Reading Henning Mankell’s Wallander in shorter stories provides an interesting perspective into what makes the detective work—and and more importantly how Manning himself approaches him. This collection includes two long stories: the opener, here titled ‘Wallander’s First Case’, is a novella, and the title story, ‘The Pyramid’, which ends the book, could have easily been published alone as a short novel. Mankell wrote all these stories to answer questions about what happened to Wallander before he debuted in 1990’s Faceless Killers, and they were originally collected in Swedish in 1998. He explains in an introduction that is typically precise but somewhat less reticent than his interviews, that it wasn’t until after those eight years had passed that he came up with the phrase which he would have used retrospectively to subtitle the Wallander series: ‘Novels About The Swedish Anxiety’.
Without using the A word, this confirms what many of us have thought, and the link which Mankell has also explained between his books and the Sjowall/Wahloo Martin Beck series.
At times in these stories he tries to make the sense of collective angst rather too clear: at one point commenting on the fractured walls of society, and in another at the way, a generation before, Ystad would have been free of the effects of crime from the cities. There’s a reflection of the novels too, since Mankell has always had fun with the sense of Ystad as a crime capital: remember the cash machine in the town square that was about to cue world wide armageddon? ‘The Pyramid’ is a classic case in point: an international drug cartel run by two spinster sisters who otherwise sell buttons and thread? But Mankell balances the unreal nature of that situation with the tale of Wallander having to rush to Egypt to get his father out of jail: the cantankerous old Swede has tried to fulfill his dream of climbing a pyramid, and been arrested. It’s as surreal a scene as I can recall in any crime novel, and it helps put this Christmas tale into perspective.

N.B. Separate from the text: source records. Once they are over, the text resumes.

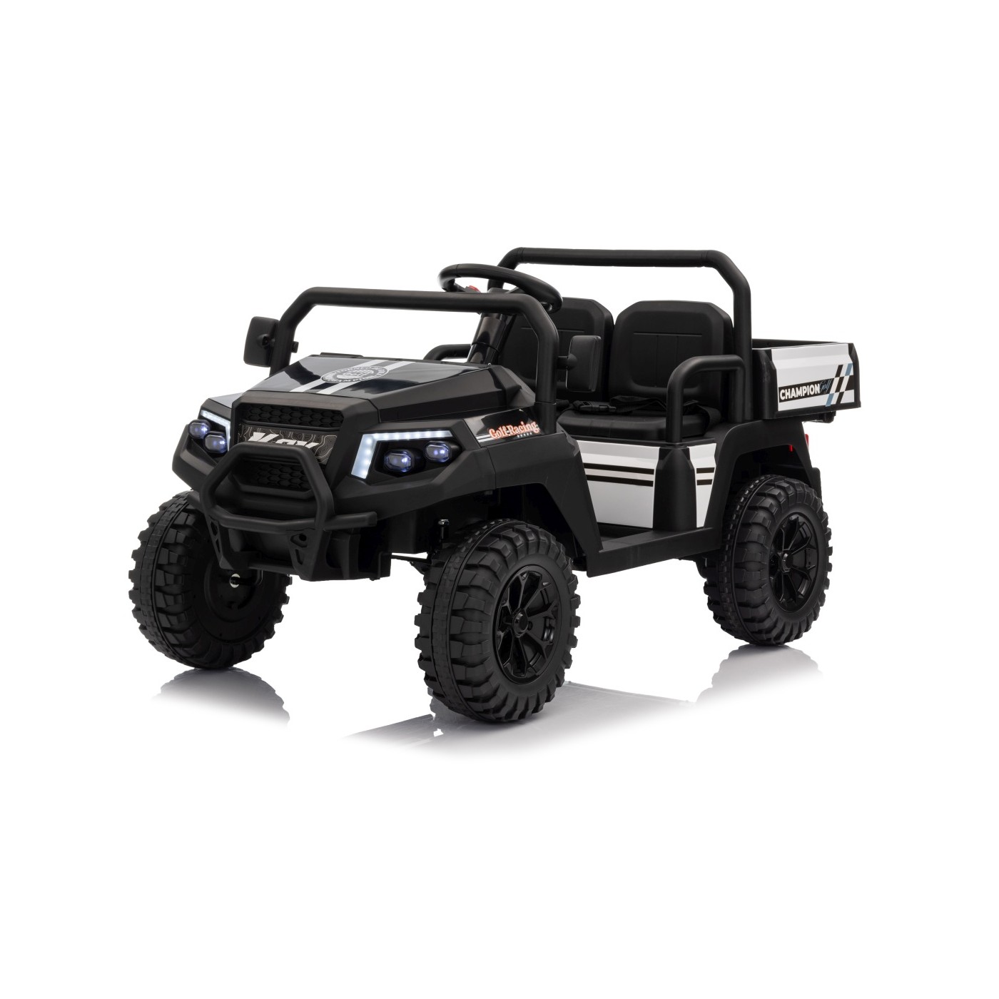 Elektrické auto Pick-Up Champion 24V je silný a stylový vůz pro dva malé řidiče. Díky dvěma motorům o výkonu 200W (2 x 200W) a silnému akumulátoru 24V 9Ah je tento pick-up připraven zdolávat asfalt, trávník i mírný terén. Měkká EVA kola a odpružení vpředu i vzadu zajišťují hladkou jízdu bez otřesů.
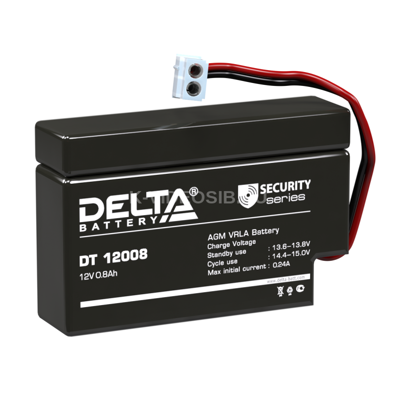 Герметизированный VRLA свинцово-кислотный аккумулятор Delta DT 12008 серии DT специально разработан для эксплуатации в слаботочных системах. Изготавливаются по технологии AGM (электролит, абсорбированный в стекловолоконном сепараторе). Номинальное напряжение составляет 12 В 0.8 Ач. Тип клемм T9.
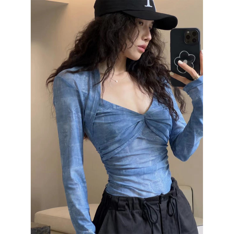 純粋な欲風vネックレースtシャツ女性2024秋冬の新しい気質が痩せている中に長袖の上着を着ている
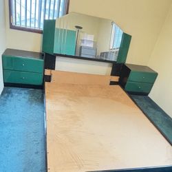 Vintage green mirror headboard bed frame with matching drawers/nightstands$300Rosemead, CA
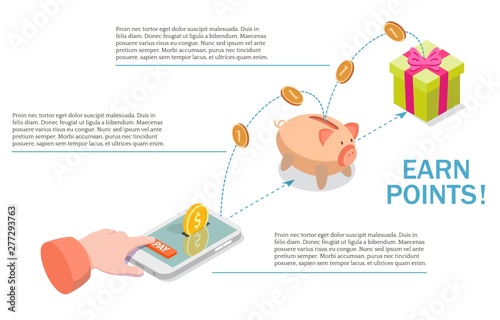 Získejte body za nákup diagram, vektorové ploché ilustrace. Bonusové body věrnostní program, marketingová strategie infographic.
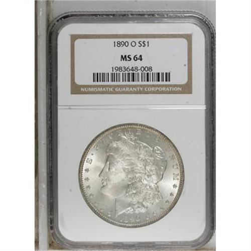 <B>1890-O $1 MS64 NGC.</B></I> NGC Census: (2087/148). PCGS Population (2454/358). Mintage: 10,701,000. Numismedia Wsl. Price for NGC/PCGS coin in MS64: $288. (#7200)<BR><BR><b>Shipping:</b> Coins & Currency (<a target="_blank" href="http://www.heritageauctions.com/common/shipping.php">view shipping information</a>)
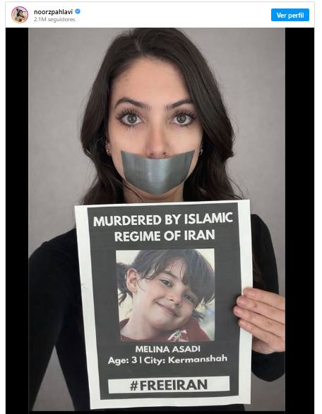 También subió una foto de Assal Shafei, de 21 años, que fue “asesinada por el régimen”. Junto con la imagen, replicó el último mensaje de Shafei, de enero: “Como una feminista radical, debo decir: larga vida al sha”.
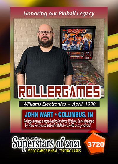 A subset of the Superstars of 2021, Our Pinball Legacy series of trading cards celebrates the 90th anniversary of the birth of coin-operated pinball (1931-2021). To honor this tremendous legacy, we invited more than 400 pinball aficianados to pose with their favorite pinball game for a trading card. And, on the back of the card, they wrote a 150-200 word biography, telling the story of their love for pinball while including in the text historical facts about the machine.

‘Wallander’s First Case’ is the best of the lot, in part because knowing much of the story to follow, one can see the seeds planted carefully. His new romance with Mona is already suffering from his devotion to his job, a devotion which will pay off in his promotion to detective. And it will also stoke her fears; because he is seriously wounded—the original title of the story was ‘The Stab’— and that personal anxiety will later be magnified as their relationship flounders on its lack of communication.
In his shorter stories, Mankell is often making a character point. This is signalled particularly strongly by the original title of ‘The Man With The Mask’, which was called ‘The Divide’ and emphases not only the relationship between Wallander and the man who holds him hostage in a convenience store robbery, but also between Mona and him, she being the outsider who can never understand what he has gone through. A couple of stories end in suicides, which is a particularly Swedish way of dealing with things (Americans tend to prefer taking people with them) and a couple require epilogues to explain the complications of plots that are creaky, but which Mankell is not taking too seriously; less police procedural than Swedish psychological. It’s a riveting book, that to anyone familiar with Wallander hangs together like a novel.